Qué clase de sentimiento mueve a millones de personas a asistir a una boda a la que no habían sido invitados? ¿Cómo definir esa curiosidad por la pompa cortesana y la solemnidad de las nupcias del segundo heredero de la Corona británica? De acuerdo: es solo un espectáculo, un gran montaje en el que se mezclan la magia decadente de la nobleza y el glamur aristocrático en todo su esplendor. Acepto que William y Kate son un producto de consumo (carísimo, por cierto) y que al pueblo estos magnos acontecimientos le divierten y entretienen sus miserias; pero es innegable que la ceremonia no es ideológicamente neutral, pues promueve el espíritu lacayo de la gente. ¿Que el problema no es una celebración artificiosa sino la monarquía misma, dice usted?
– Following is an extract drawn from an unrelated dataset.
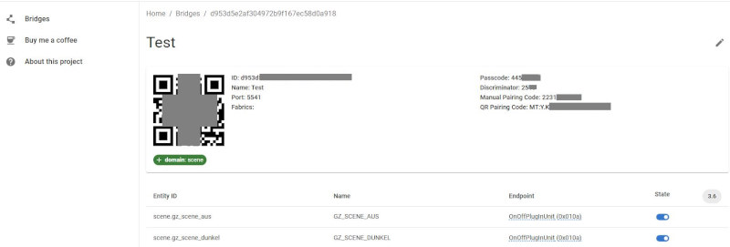 ich habe den Home-Assistant-Matter-Hub auf Port 5540 laufen, die Instanz mit Port 5541 hab ich nur für den Blog-Eintrag angelegt. Fabrics hat bei mir bei der neu hinzugefügten den Wert 0, wenn es mit etwas gekoppelt ist, dann ist es 1. Bei der gekoppelten Bridge, sieht man dann unterhalb von Fabrics das Amazon Logo. (Detailansicht)

Bueno, pero convengamos en que, aun resignados a la excepción democrática de este rancio sistema, se deberían haber minimizado sus efectos perniciosos ignorando con nuestro desdén sus indecentes galas.
Pero no. La televisión sirve al poder con la misma sumisión de un perro a su amo. Ni la crisis (¿o precisamente por ella?) ha podido evitar que el viernes todas las cadenas, sobre todo Antena 3, Telecinco y TVE, pero también las emblemáticas BBC y CNN, se volcaran con la boda boba y su exhibicionismo banal, después de una semana de programas especiales, series y tertulias empalagosas en las que el recuerdo de la madre muerta, la triste Diana, era lo único vivo entre tanto fantasma rosa. ¿Una audiencia de 2.000 millones de espectadores? Menuda mentira, una más en esa farsa obscena de vestidos, joyas, sombreros, carruajes, tañido de campanas y boato medieval.
Mi cálculo al presenciar la tediosa función era averiguar cuántos de los mirones se mofaban del circo real y cuántos se sentían admirados o, peor aún, emocionados por el desfile de lujo y celebridades. El mundo se dividía el viernes entre la higiénica risa de los dignos y el servilismo emocional de los simples. Si estaba usted entre los sarcásticos, enhorabuena; pero si era de los que se conmovieron, le compadezco.